Dragons Forever

飛龍猛將 | Cyclone Z
 •  , ,  •   • Dir.

Reviewed by   |  Mar 9, 2015

When a fishing pond is polluted by the local chemical plant, the owner (Ip) decides to take the culprits to court. The villainous cigar-chomping plant owner (Wah) decides to hire a slippery, yet charming young lawyer (Chan) to delay the case indefinitely, forcing the case out of court. The lawyer uses his shady friends (Hung and Biao) to gain information about the opposition, but soon Chan and Hung realise that they’re falling in love with the very ones they want to spy on. Added to this is the discovery of what the chemical plant is really producing; behind the guise of big business is really a refinery for drugs. When Hung is captured by an army of thugs during a snooping mission at the factory, Chan and Biao leap into action.

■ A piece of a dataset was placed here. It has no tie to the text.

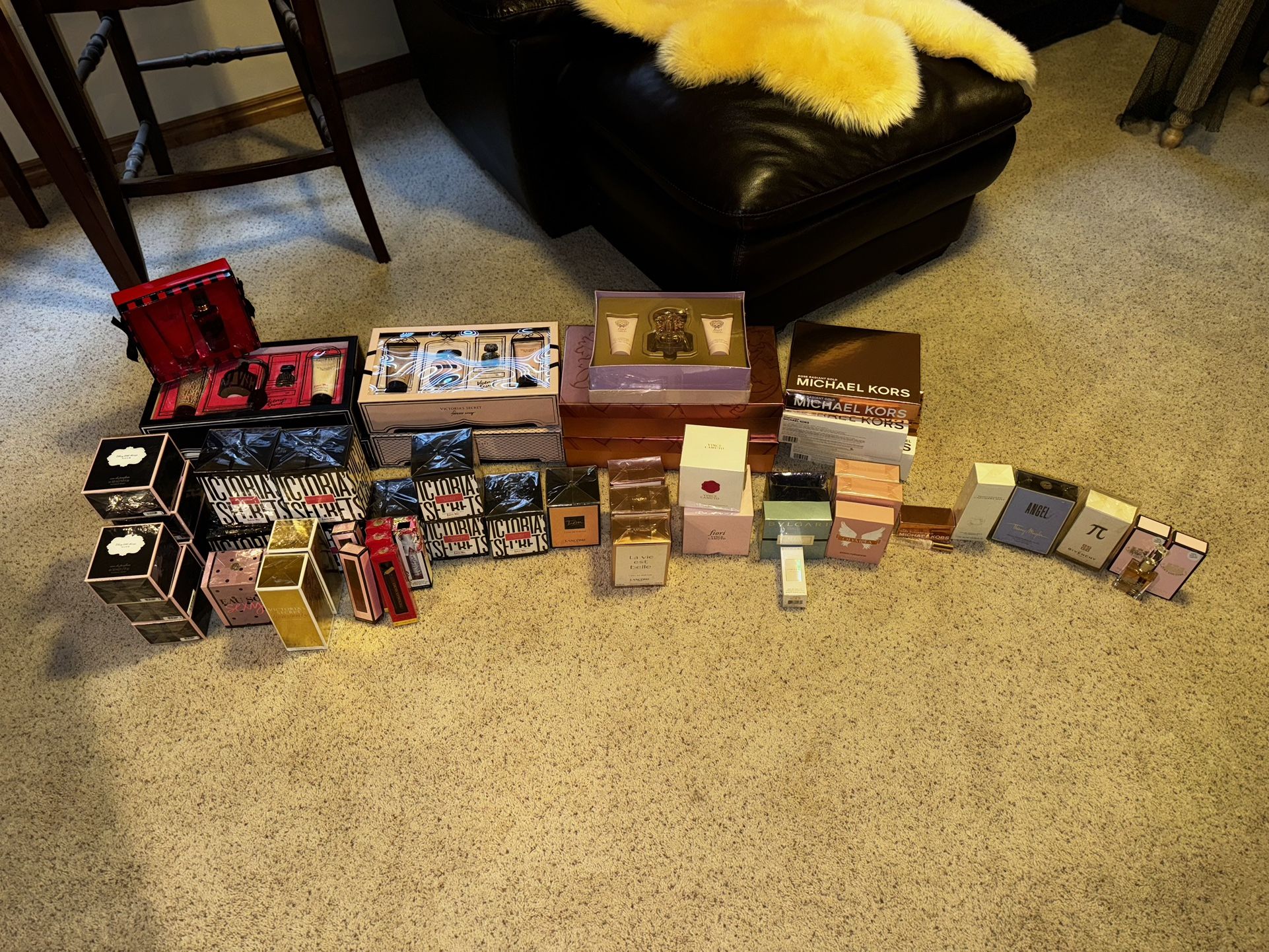 Brand New Various designer brand perfumes for sale. Prices vary. Sets: * Vince Camuto Fiori (2) - $35/each * Vince Camuto Fiori (Lotion & Shower gel) - $35 * Michael Kors Rose Radiant Gold - $40 * Michael Kors Glam Jasmine - $40 * Michael Kors Sporty Citrus - 40 * Victoria’s Secret Very Sexy (w/Lotion) - $20 * Forever Sexy (Lotion/Shower Gel) - $40 * Tease (Lotion/Body Wash) - $40 * Love Me (Lotion/Body Wash) (2) - $40/each Individuals: * Victoria’s Secret: * Sexy Little Things Noir 3.4oz (4) - $150/each * Sexy Little Things Noir 1.7oz (3) - $120/each * Love Me 3.4oz (5) - $40/each * Love Me 1.7oz (3) - $20/each * Eau So Sexy - $20 * Heavenly (2) - $30/each * Tease 0.23oz (2) - $10/each * Very Sexy 0.23oz (3) - $10/each * XO, Victoria 0.23oz - $10 * Lancôme: * Tresor 3.4oz - $40 * La Vie Est Belle 3.4oz - $40 * La Vie Est Belle 2.5oz - $30 * La Vie Est Belle 1.7oz - $20 * Vince Camuto: * Fiori 3.4oz - $40 * Vince Camuto 1.7oz - $20 * BVLGARI: * Omnia 0.34oz - $40 * BLV Notte 2.5oz - $20 * BLV II 0.84oz - $20 * OLYMPEA: * Paco Rabanne 2.7oz (2) - $40/each * Paco Rabanne 1.7oz - $20 * Givenchy Paris: * 1.7oz - $20 * Thierry Mugler: * Angel 0.8oz - $20 * DonnaKaran: * Cashmere Mist 1.7oz - $20 * Michael Kors: * Rose Gold Radiant 1.0oz - $40 * Juicy Couture: * 1.0oz (2) - $20/each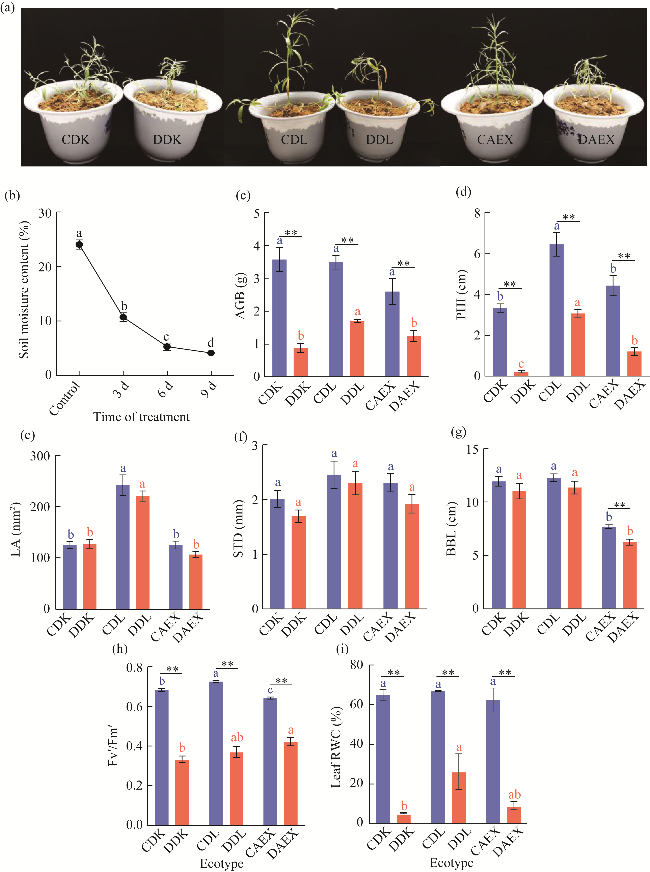 Fig. 1 Effects of drought stress on the morphological traits and physiological indicators in DK (Dengkou County), DL (Dulan County), and AEX (Aerxiang Village) ecotypes. (a), phenotype of DK, DL, and AEX after drought stress and control treatments (CDK, CDL, and CAEX); (b), soil moisture content; (c), above-ground biomass (AGB); (d), plant height increase (PHI); (e), leaf area (LA); (f), stem diameter (STD); (g), basal branch length (BBL); (h), Fv'/Fm' value at vegetative stage; (i), leaf relative water content (RWC). DDK, DDL, and DAEX represented the drought stress treatments of DK, DL and AEX, respectively. Bars are standard errors. Within the same treatment (control or drought), different lowercase letters indicated significant difference at P<0.050 level. Asterisks on shoulder lines indicated statistically significant differences between control and drought of the same ecotype. *, P<0.050 level; **, P<0.010 level. The abbreviations are the same in the following figures and tables. |

Having starred in such classics as ‘Project A’ and ‘Wheels On Meals’, the ‘three brothers’ – Jackie Chan, Sammo Hung and Yuen Biao – are reunited in another hugely enjoyable action romp. The film’s uneven narrative is compensated by the eye-popping action; the film features impressive battles in a nightclub, on a boat, between Yuen Biao and Billy Chow and famously the finale which sees Jackie Chan in a re-match with Benny ‘The Jet’ Urquidez. Sammo yet again packs the cast with quality, both in terms of villains (Yuen Wah, Dick Wei, Billy Chow, Philip Ko…) and actresses (the always reliable Deanie Ip, Pauline Yeung and Crystal Kwok). Chan and Hung continue to substantiate their legendary status in the cinematic hall of fame, but it is Yuen Biao who really steals the film. Playing a paranoid and slightly unhinged character, Biao shines and gets another opportunity to show off his acrobatic skills. ‘Dragons Forever’ doesn’t hit the heights of ‘Project A’, but is still a prime example of Hong Kong’s Golden Age.